Inbox was a powerful and innovative experiment by the Gmail team — emphasis on "was" because Google killed it recently. No worries, though: most of what made it great, such as smart replies and snooze, were subsumed into Gmail.

Even still, Gmail remains imperfect. Despite a Material Design facelift earlier this year, the web version still looks a bit cluttered, unseemly. Michael Leggett agrees.

"[Gmail for web is] like Lucky Charms got spewed all over the screen," he told Fast Company in an interview. Leggett was the lead designer for Gmail from 2008 to 2012. He also cofounded Inbox, which aimed to reimagine Gmail for the modern era.

He left Google in 2015, but Gmail's design continues to bother him.

"Go look at any desktop app and tell me how many have a huge fu***** logo in the top left," says Leggett. "Drop the logo. Give me a break." That huge logo isn't just the problem. Fast Company notes that folders, contacts, Google apps such as Docs and Drive, plus at least half a dozen notifications, all clutter Gmail at any given moment.

Simply Gmail With This Extension

Rather than merely whine, Leggett actually decided to do something about Gmail's look. He created a free extension for Chrome called Simplify that hides all the unnecessary folders and functions and makes Gmail cleaner, calmer, and a lot more streamlined. All that's onscreen are the user's messages and a neat array of buttons. It's minimalist and understated, with every small element seemingly in their right place and no unnecessary visual placements in sight.

More than cutting down on visual noise that plagues Gmail still, the extension also shifts its core functions to the top bar where they're more easily accessible. It also moves the "Create Mail" button to the bottom-right of the screen, which makes sense because the Compose window also shows up there. The user can go from creating an email to actually typing much faster in this arrangement.

Gmail's Design Woes

Leggett was part of a team that tried to fix Gmail for years. In 2008, he created a complex Gmail concept that integrated many of Google's services into Gmail itself, with Docs and Chat appearing alongside email features in a single browser screen. When his team presented it to Larry Page and Sergey Brin, Google's cofounders, they called it "awful."

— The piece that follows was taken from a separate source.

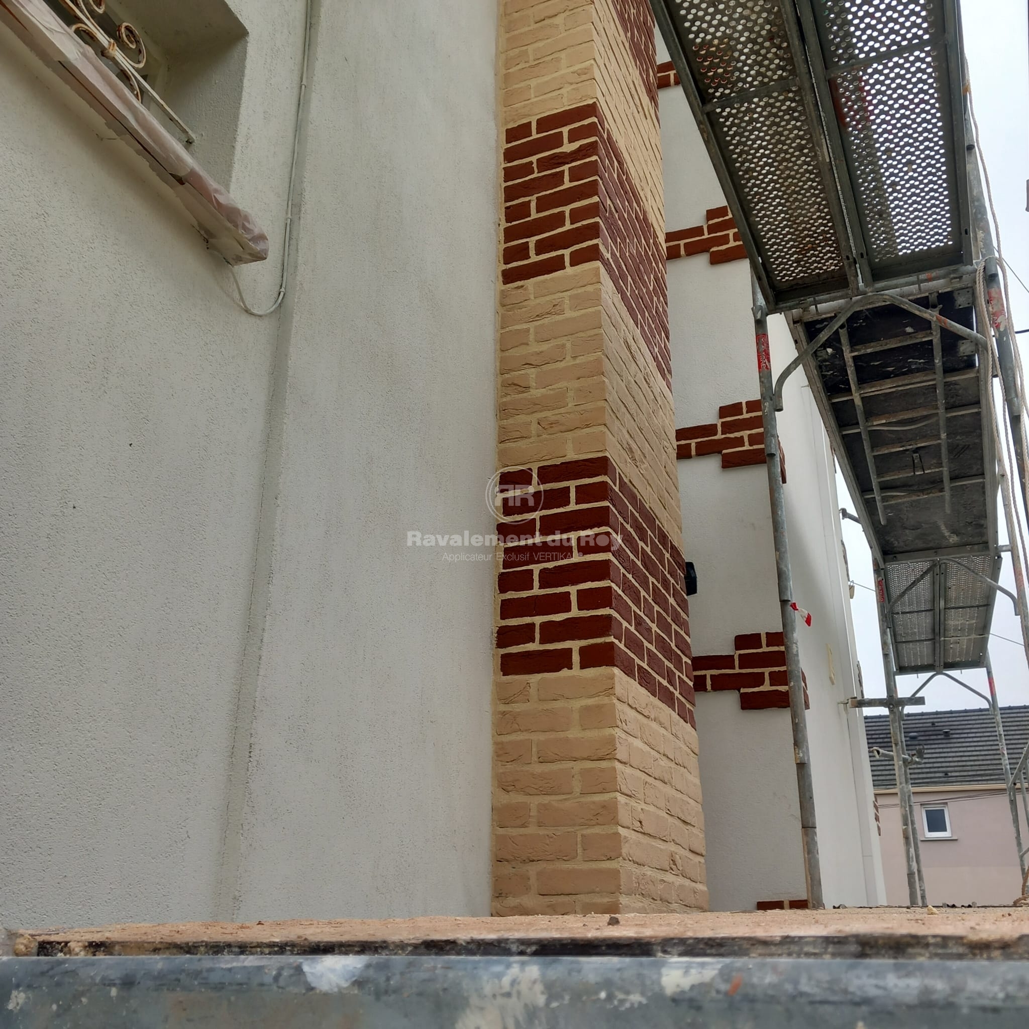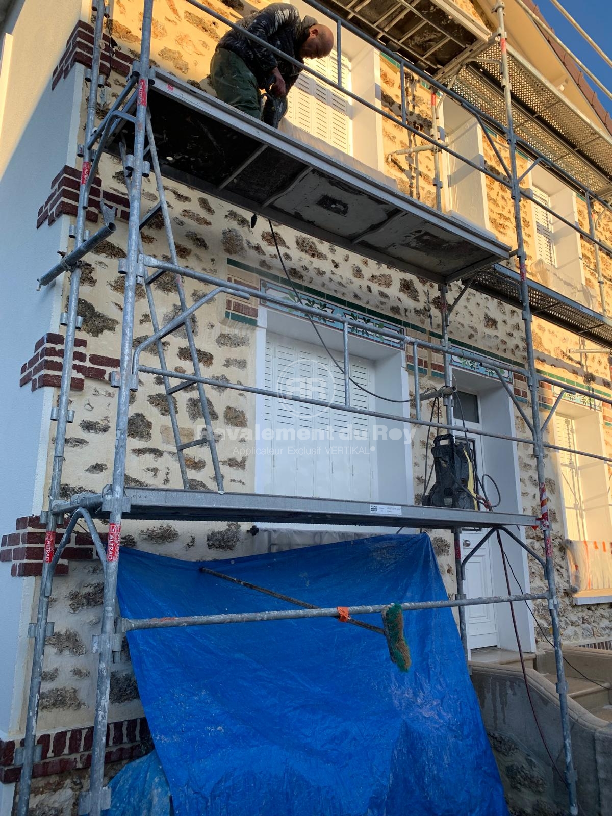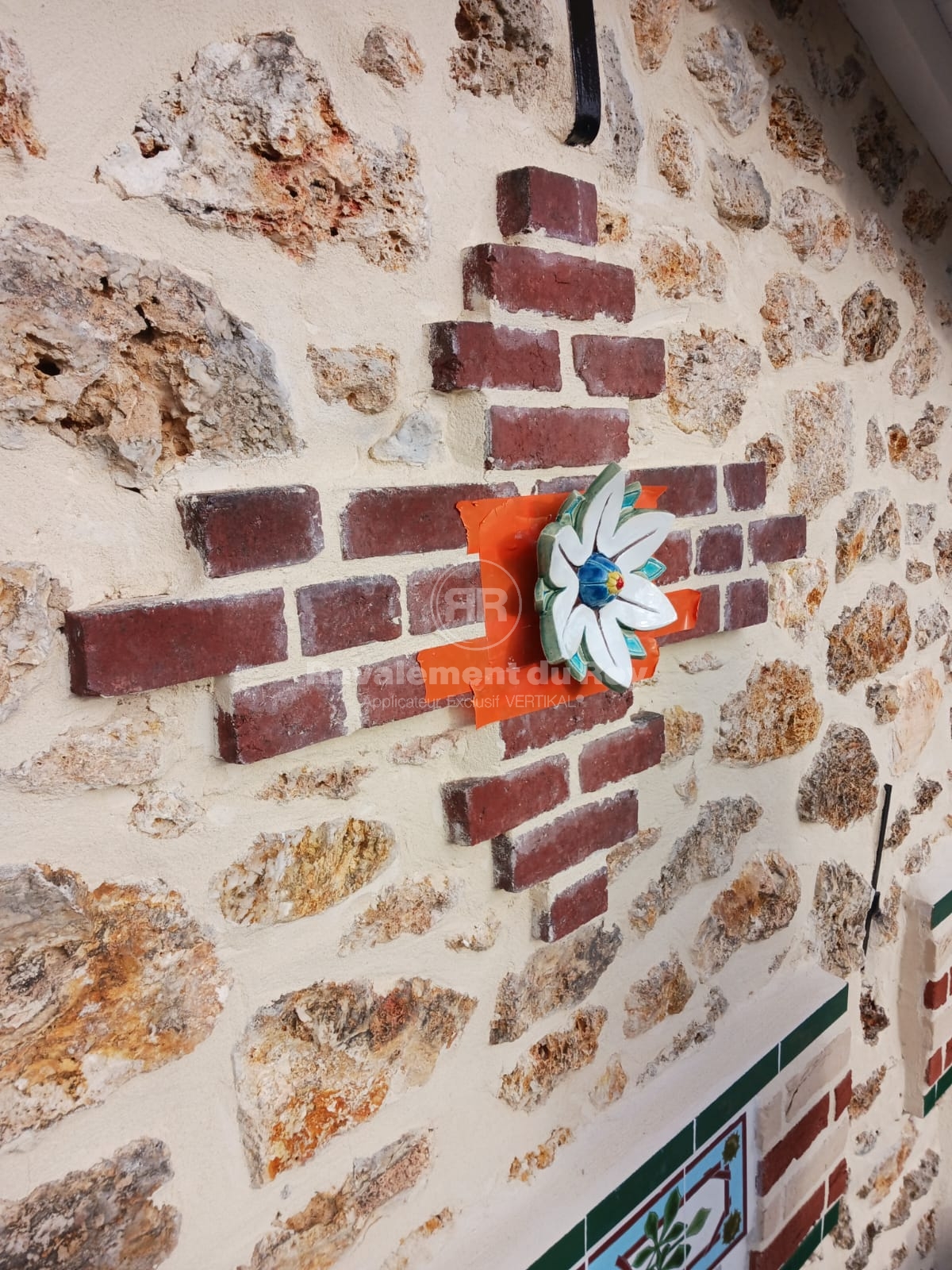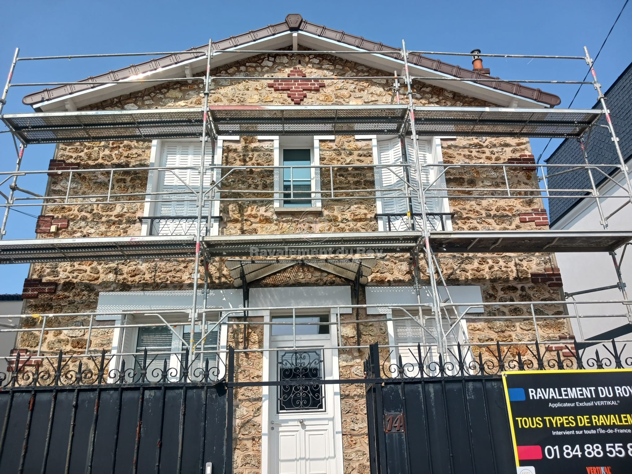 Sur la meulière et les briques de parement, un traitement VERTIKAL HYDROFUGE a été appliqué. Ce produit incolore pénètre en profondeur dans le matériau et empêche durablement l’humidité et les salissures de s’infiltrer. Il préserve l’aspect naturel de la pierre et des briques tout en renforçant leur résistance aux agressions climatiques. L’application en pulvérisation jusqu’au refus garantit une imprégnation complète et une efficacité maximale.

"We walked out of the meeting and said, 'They're right. This is awful ... that's what led to Inbox."

Simply was a personal project for Leggett and some of his acquaintances. When Google shut down Inbox, a friend encouraged him to put the extension "out there." He didn't. At least not immediately. He polished it further, sat on it, and decided to give Google one last chance. When Google failed to revamp Gmail's design, he decided to launch Simplify.

Simplify is available to download now.